The detected variations may be processed by a computer 54 to reconstruct the original data from the one or more data sources 42. As will be appreciated, in one embodiment the computer 54 may include a processor configured to execute one or more programs stored within a memory of the computer to correlate the wave modulations with sequences of bits of the original digital data from the one or more data sources 42. It is further noted, however, that an application-specific integrated circuit may instead provide or supplement such functionality. Additionally, the computer 54 may also facilitate control and/or monitoring of other aspects of the system 10. For instance, in one embodiment, the computer 54 may facilitate control of the pump 26.
Exemplary components of a modulator 46 are generally illustrated in FIG. 2A in accordance with one embodiment. It is noted, however, that various modulators for generating and modulating acoustic waves in mud pulse telemetry systems are known, and that the present techniques are not limited to the modulator 46 of the presently illustrated embodiment. The modulator 46 may include a rotary valve 56 coupled to a motor 58. A motor controller 60 may provide control signals to the motor 58, which may, in turn, apply a mechanical force to a rotor 62 of the rotary valve 56. In some embodiments, the mechanical force may drive the rotor 62, while in others (e.g., those in which the rotor 62 is driven by a turbine in response to a flow of fluid) the mechanical force may be used to apply a braking force to the rotor 62.
The rotor 62 may rotate with respect to a stator 64 of the rotary valve 56 to selectively inhibit the flow of drilling fluid 22 through the rotary valve 56 and to generate pressure pulses (e.g., the acoustic wave) as discussed above.
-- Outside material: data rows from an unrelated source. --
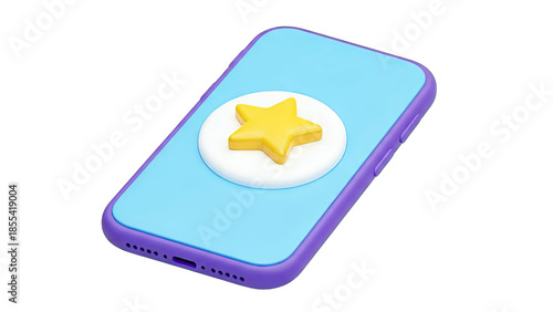 © kanaya, Fototapeta premium 3D render of a smartphone with a star icon on screen on transparent background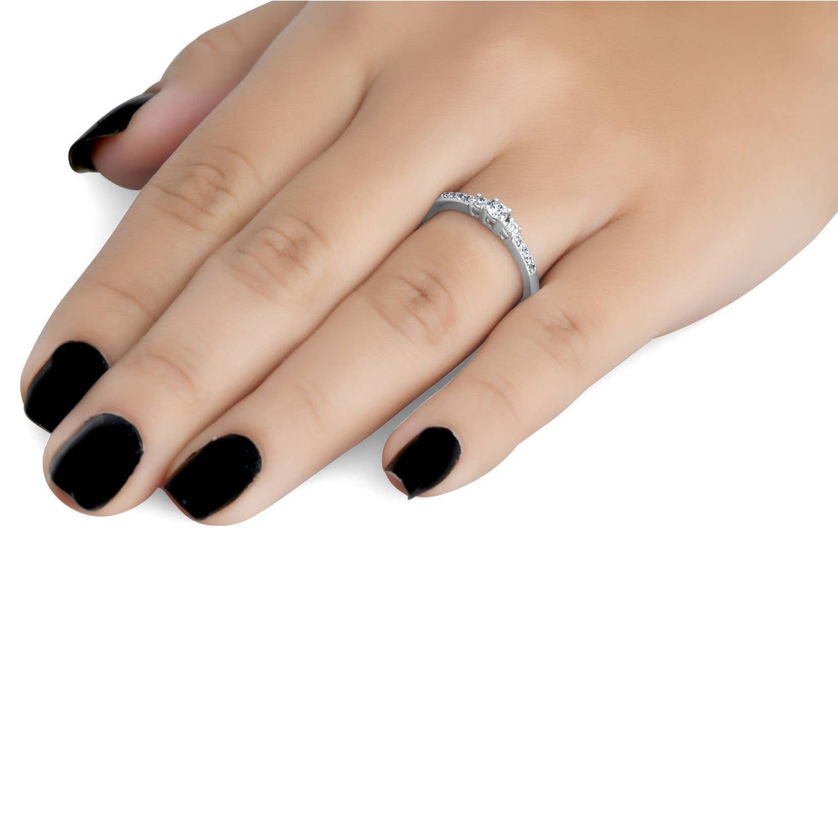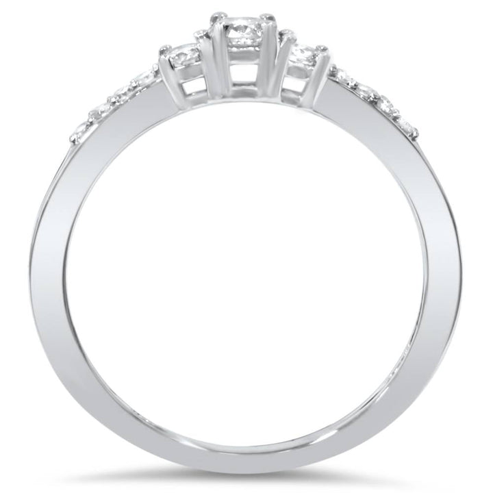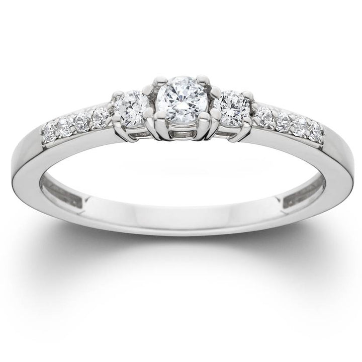 1/3ct Three Stone Round Diamond Engagement Ring 14K White Gold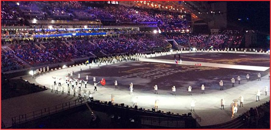 Rusya tarihi ve devrimin anlatıldığı gösteriler sırasında stadyumda yapay kar yağdırıldı. Kış olimpiyatlarında yarışma yapılacak bütün kış sporlarının figürleri, stadyumun tavanındaki raylı sistem sayesinde havada asılı bir şekilde bekletildi.
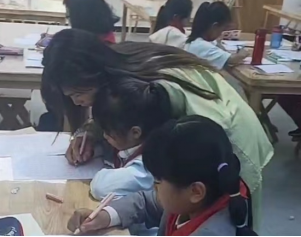 来自小学教育专业的师范生们从坐姿、握笔、行笔三个方面循循善诱地教导同学们硬笔书写的特点和规律,一边亲自示范,一边与同学们亲切互动、耐心细致地给孩子们讲解汉字结构、书写要领,演示和指导汉字基本笔画的运笔过程,并单独对学生进行书写辅导,不仅培养孩子们良好的书写习惯,也让他们在轻松愉快的氛围中感受到了书法的魅力,现场学习气氛浓厚。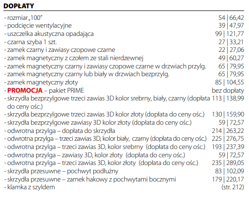 Możliwość wykonania za dopłatą w standardzie: bezprzylgowe, rewersyjne.

For instance, the rotor 62 and the stator 64 may include complimentary openings that allow drilling fluid 22 to flow through the rotary valve 56 when the rotor 62 is oriented in an “open” position, and that prevent such flow when the rotor 62 is oriented in a “closed” position. In one embodiment, the selective inhibition of the flow of drilling fluid 22 results in a continuous pressure wave, having a period proportional to the rate of interruption, that propagates upwardly from the rotary valve 56 to the surface through the drilling fluid 22.
FIG. 2B illustrates exemplary components of a modulator 46 in accordance with another embodiment. The modulator 46 may comprise any other style of valve 59, such as an oscillating valve, a poppet-style valve, or any other known or as-of-yet developed type of valve for mud pulse telemetry modulation. In such an embodiment, the motor controller 60 may provide control signals to the motor 58, which may, in turn, apply a mechanical force to change the position of the valve 59. For example, the motor controller 60 may cause the motor 58 to drive a poppet style valve to an open position or a closed position. In another example, the motor controller 60 may cause the motor 58 to control an oscillating valve to change from one position to another, or maintain a particular frequency of oscillation.
With fine control of the motor 58, the absolute position of the valves 56 and 59 discussed above may be better controlled. Any suitable motor control techniques may be employed in conjunction with the presently disclosed subject matter, including those disclosed in, for example, U.S. Pat. Nos. 6,327,524 and 7,129,673, and U.S. Pat. Appl. Pub. No. 2005/0263330, each of which is incorporated herein by reference in its entirety.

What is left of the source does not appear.